On the march when he saw Chinese soldiers smoking rolled-up leaves, Stilwell would take out his own cigarets and hand them out and he made an extra effort to have cigarets flown in. He paid “special attention to people at the bottom,” said a Chinese officer, and when the soldiers saw him they would crowd around “our Commander” and want to talk to him. The most important morale factor was his insistence on the wounded being carried back to the field hospitals and flown if necessary to the 20th General Hospital at Ledo. He brought relentless pressure until an airfield was built for the hospital and supported every demand of its chief, Colonel Isidor Ravdin, a surgeon from civilian life who on Stilwell’s recommendation was to become the first Medical Reserve officer promoted to brigadier general. When Ravdin complained that the hospital had no fans, urgently needed for the typhus wards, Stilwell radioed General Dan Sultan, his deputy in Delhi, “Dig up 150 ceiling fans, 160 standing fans and 11 air-conditioning units….You and I both know where a lot of it can be dug up.” The Imperial Hotel where the American staff of SEAC lodged was duly stripped of its fans for the hospital at Ledo. On Sunday morning Stilwell usually flew in to visit the patients who had been injured the previous week. His order that no Chinese soldiers were to be searched on leaving the hospital resulted in a steady disappearance of medicines, blankets, pajamas and equipment, but it was issued in that expectation for Stilwell also took care to order that Ravdin should not be held responsible for anything missing.
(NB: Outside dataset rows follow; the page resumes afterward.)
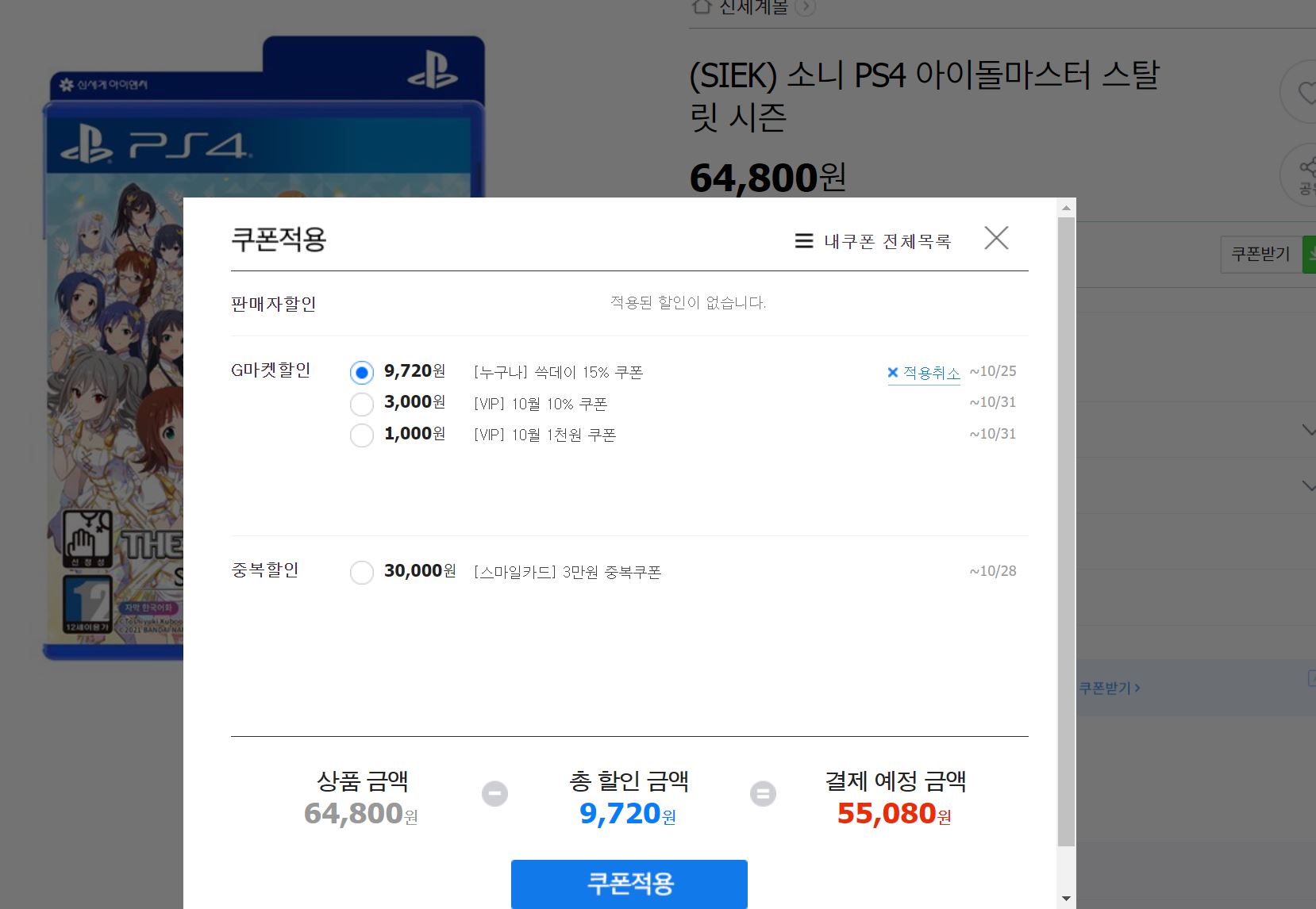 http://item.gmarket.co.kr/Item?goodsCode=2242656219 http://itempage3.auction.co.kr/DetailView.aspx?itemno=C434056378 PS4 아이돌 마스터 스탈릿 시즌 (쿠폰 적용시 55,080원)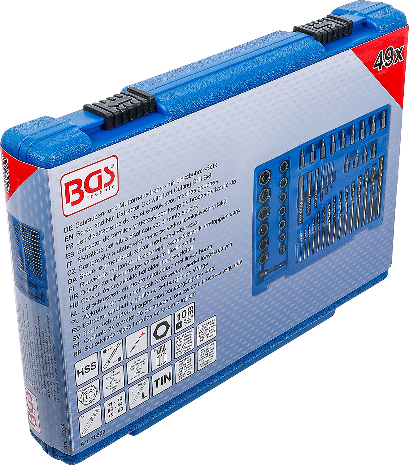 BGS 70329 šroubováky a utahováky matic včetně levotočivých vrtáků 2 - 18 mm, 49 dílů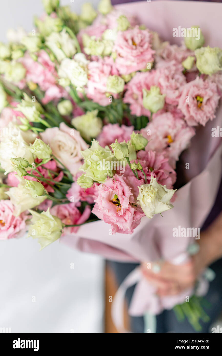 Beautiful Spring Bouquet Young Girl Holding A Flowers Arrangement With Lisianthus Of Pink Colors Stock Photo Alamy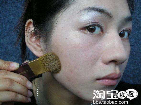 用修容粉C号色刷脸颊,注意蘸粉的时候要轻点,我就蘸太多,之前弄到我脸都黑了,呵呵。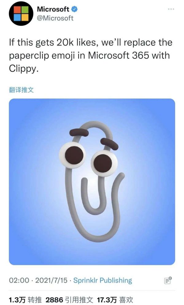 不过,Clippy 总算被微软再次重视了。今年 7 月,微软在官方推特发文:「如果这条推文能得到 2 万个赞,我们就用 Clippy 替换掉 Microsoft 365 中的回形针表情符号。」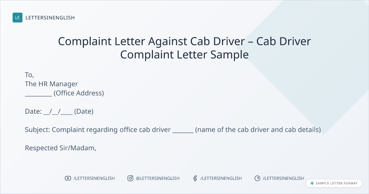 Complaint Letter Against Cab Driver – Cab Driver Complaint Letter Sample

The combined efforts of American medics, from stretcher teams and field hospitals to the 20th General, reduced the death rate from wounds, ordinarily a limitless figure in the Chinese Army, to 3.5 percent. Chinese soldiers were not afraid of being killed in battle, they used to say, but only of being left wounded on the battlefield to die, which was the usual fate in China for those who could not walk away from combat. The feeling that they were being looked out for in the NCAC g
ave the soldiers a newfound pride and confidence. In the knowledge, too, that planes would keep them supplied with ammunition, they were not afraid to shoot what they had as in the first Burma campaign.
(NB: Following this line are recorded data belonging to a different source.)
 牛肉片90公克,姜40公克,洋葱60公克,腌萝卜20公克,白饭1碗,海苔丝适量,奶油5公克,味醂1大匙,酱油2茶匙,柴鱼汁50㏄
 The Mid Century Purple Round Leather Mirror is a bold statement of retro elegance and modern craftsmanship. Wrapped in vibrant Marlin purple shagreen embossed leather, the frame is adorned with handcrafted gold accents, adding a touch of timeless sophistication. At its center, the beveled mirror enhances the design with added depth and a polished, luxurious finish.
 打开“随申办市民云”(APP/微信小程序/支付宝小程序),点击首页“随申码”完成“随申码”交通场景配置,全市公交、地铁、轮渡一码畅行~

They were a young army, many as young as fifteen, and if not robust in body, yet as brothers of the Communists who had trudged the 6,000 miles of the Long March, they were the sturdiest walkers of any army in the world. They had in large measure the good soldier’s qualities of courage, stamina, willingness and an eye for the country, and their dominant characteristic, as Wingate observed, was cheerfulness. “Under conditions which would reduce Europeans to gloomy despair, smiles of pure joy break out constantly over the Chinese face.” Measured time was of no concern to them and no plan based on accurate timing had a hope of success. Nor could any plan succeed that ignored consideration of face. Familiar with the absence in the home army of any supply, transport or medical organization worth the name, they were accustomed to keeping themselves alive by scavenging and would take or steal any object of any kind that lay loose.
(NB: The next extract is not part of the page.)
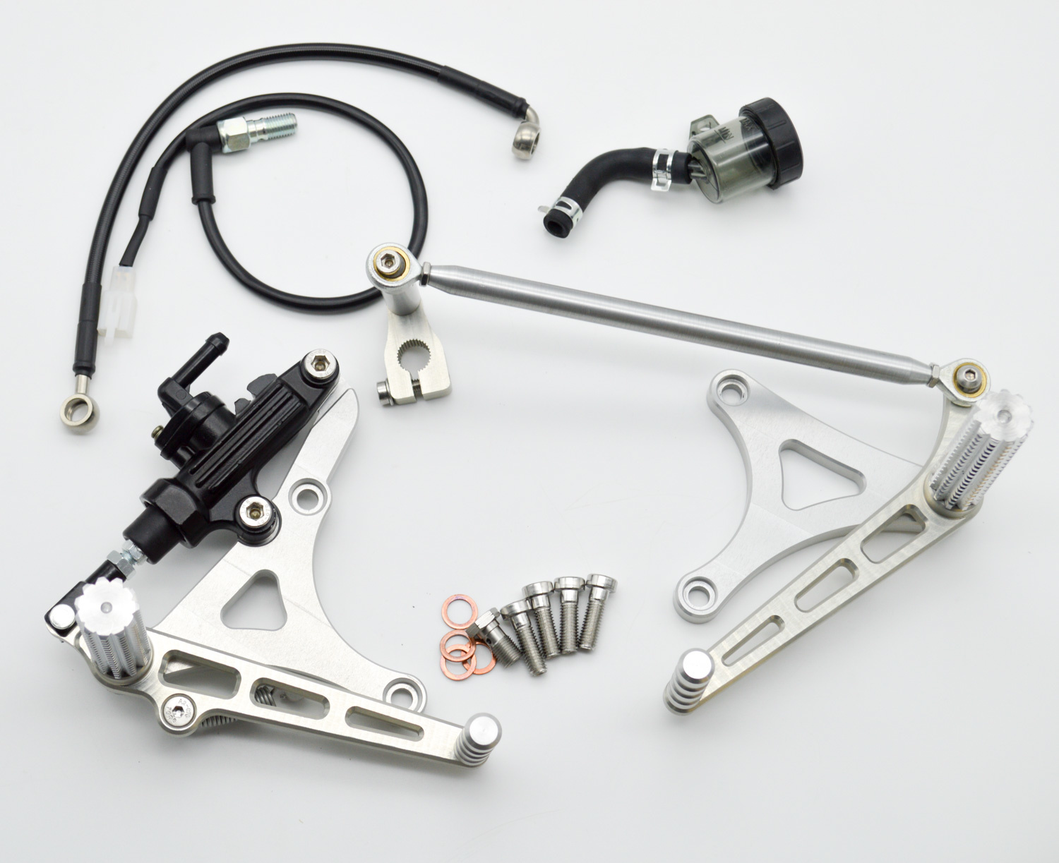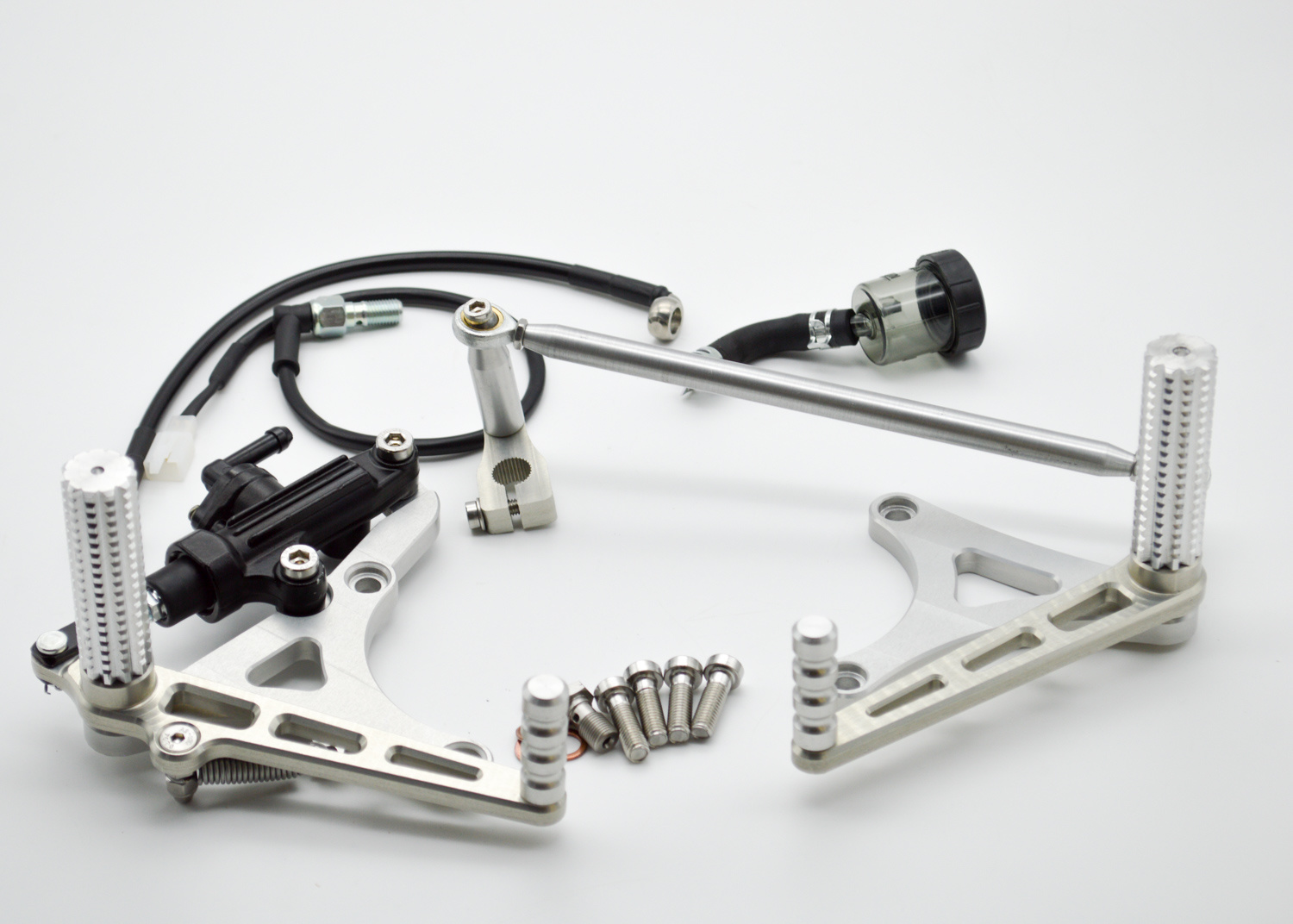 - CNC milled brake and gear lever with a sliding sleeve.

At dawn Stilwell would set out regularly to hike three to five miles, often taking two or more hours, to the regimental command post, trailed by his aide, bodyguard and two or three of the hardier correspondents. On the way he studied and remembered the trails and terrain features and villages, and at night sketched his situation maps by candlelight, recording in marginal comments every move and engagement of the troops. At the command posts he would observe and advise without exercising direct command. His presence at the front became known to the Japanese who broadcast from Rangoon their intention to capture him alive, adding immeasurably to the uneasiness of whatever Chinese commanders he chose to visit. They feared execution if the Commanding General was shot or ambushed by a patrol and captured while in their vicinity. Taking advantage of this anxiety, in the case of a commander who delayed or stalled, Stilwell would hang around his command post and refuse to go away until the order to move was given.